Physical Education - What to do from K to 2
Updated: Aug 15
Have you ever given an instruction to a student under the age of 7 and they look at you like you’ve just landed from outer space? Have you ever been in class with a group of 25 K – 2 students all simultaneously pulling on your pants to tell you the most important thing in the world – the name of their favourite dinosaur? Have you ever been in a P.E. class with 25 students crying because “so and so” tagged them and they didn’t want to get tagged? Fear not. If this has happened to you, you’re not the only one. In fact, there are thousands of teachers out there experiencing this probably as you read.
I’ve always enjoyed teaching “the littles ones” in Physical Education, but they are a different breed to any other age group and in some ways like herding cats.
Young children are not only growing physically during early childhood, but they are also growing mentally. Students at this age continue to advance their skills in observing and interacting with the world around them. In short, there is a lot going on in their little minds. As children develop cognitively, their play will move more towards games with sophisticated rules which brings in the importance of fundamental movement skills. According to research, playing isn’t just fun; it is an important part of brain development. ENTER PHYSICAL EDUCATION TEACHER.
The cornerstone of my P.E. program revolves around the 11 more significant fundamental movement skills associated in Grade K – 2. They are: kick, run, bounce, leap, 2 hand strike, catch, dodge, forehand strike, throw, punt and vertical jump.
If you’re not familiar with the term fundamental movement skills, these are one of the steppingstones of physical literacy. They empower students to engage in a variety of physical activities and provide the foundation for more complex, activity-specific skills.
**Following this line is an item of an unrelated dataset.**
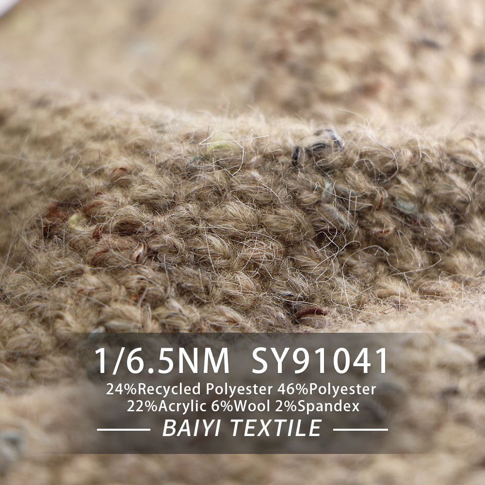 Особенность: Хорошая упругость, пушистый и мягкий Состав: 24%Recycled полиэстер 46%Polyester 22%Acrylic 6%Wool 2%Spandex

If you can teach a student to kick, they might be more inclined to take part in soccer. If you can teach a student to throw, they might grow up to play baseball. These skills are the beginning to their motivation to be a lifelong physical learner.
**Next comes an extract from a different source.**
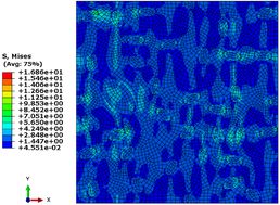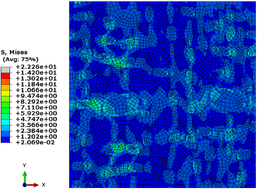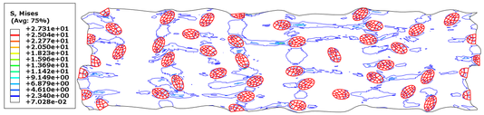 Mises stress cloud map in Figures 16 and 17 show similar results for both volume fraction RVE models. The stress concentration becomes more pronounced as the agglomeration increases, this can be attributed to the idealization of agglomerates, i.e., larger carbon black particles with a larger contact area with the matrix.

Like anything with early childhood students, these skills need to be visual in the learning space. Students will learn best if they can see and know exactly what it is they need to accomplish. As part of my lessons, I use the “I CAN” posters which outline the skills that need to be mastered for each fundamental motor movement.
Before getting to this point though, it is important as a teacher that you model the skill they will be working on. Providing the visual example, especially if being used in a game is crucial. The next step is for students to have a go at the skill. Without giving them an overwhelming amount of information, set them out to explore the skill. It is during this time as a teacher that you have two choices:
A) bring the class back together and break it down or B) coach students through the skill as they are exploring it You will know your class best based on what is happening in your particular lesson.
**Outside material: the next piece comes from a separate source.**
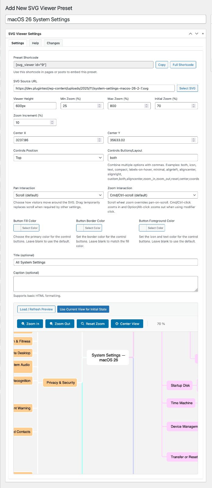 Create a preset from BT SVG Viewer Presets in the admin. Upload an SVG, tune the controls, tweak button colors, then load the preview to dial in the initial zoom and center point. Save the preset and drop the generated [btsvviewer id="123"] shortcode wherever you need the viewer. Inline attributes always win over stored preset values, making it easy to reuse a baseline configuration.

With all these keys in mind, the next step is to practise the skill. Set goals with your students and provide timely feedback which will guide their journey towards success.
The kindergarten to grade 2 teaching journey is an exciting one and if you have read this far, chances are you are on this journey. I always say to my colleagues who get frustrated with kids this age crying to “embrace the tears.” The tears are a teaching point and teaching points look different in the P.E. space as opposed to the classroom space.
Hopefully some points in here resonate and become useful in your teachings to this age group. Thanks for reading and good luck educating the young physical minds and bodies of the future!